Generalplan Ost also involved the Hunger Plan, where Germany would seize all food production from the conquered territories in the Eastern Front, in order exterminate the local native populations through starvation.  The Hunger Plan was envisaged to produce 20-30 million fatalities.  During its implementation, it did cause millions of deaths through artificial famines.

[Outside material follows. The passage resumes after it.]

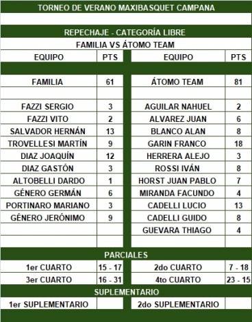 Tomándose revancha de la derrota sufrida en la primera presentación de ambos, Átomo Team derrotó 81-61 a Familia, en el repechaje para las semifinales del Torneo de Libres de Verano en Campana. Franco Garín (18) lideró a los Atómicos, secundado por Lucio Cadelli (13). El veterano Hernán Salvador (13) y Joaquín Díaz (12) sacaron pecho por el perdedor.

Devastation in the East In the battles in the Eastern Front, the scale of German violence and brutality was matched later by the Soviets during their drive to the west.  Much of the carnage and destruction that occurred in Europe during World War II occurred in the Eastern Front, where much of the fighting also took place.

In the Soviet Union, which was the scene of the fiercest fighting, some 26 million people were killed (10 million military and 16 million civilians), which comprised 60% of all fatalities in Europe during World War II.  Civilian casualties resulted from direct military action, starvation, massacres, famines and diseases, and brutal conditions in imprisonment and forced labor.  Some 1.2 million people perished during the Siege of Leningrad.  Some 25 million people became homeless.  In the territories of the Soviet Union stretching from Moscow westward to Belarus and Ukraine, full or partial destruction was brought upon 1,700 cities and towns, 70,000 villages, 2,500 churches, 32,000 factories, 40,000 miles of railroad, 4,100 railroad stations, 40,000 hospitals, 84,000 schools, etc.

In Belarus, some 25-40% of the population were killed.  As well, 209 of 270 cities and towns (or 80%) and 9,000 villages were destroyed.  In Ukraine, 7-11 million people perished and 700 cities and towns, and 28,000 villages were destroyed.  In Poland, where Nazi racial policies were imposed early in the war, some 6 million of the 27 million total pre-war population perished (or 20%), including 90% of the 3 million Polish Jews. Some 40% of Poland’s infrastructures, and much of its industries and agriculture were destroyed. In Yugoslavia, German authorities took advantage of local inter-ethnic tensions and installed a puppet state, the Independent State of Croatia, led by the Croatian fascist movement, Ustase.  This collaborationist regime repressed its ethnic rivals, the Serbs, as well as Jews, Romani (gypsies), and dissident Croats and Muslims in a brutal genocide that claimed 1.7 million lives.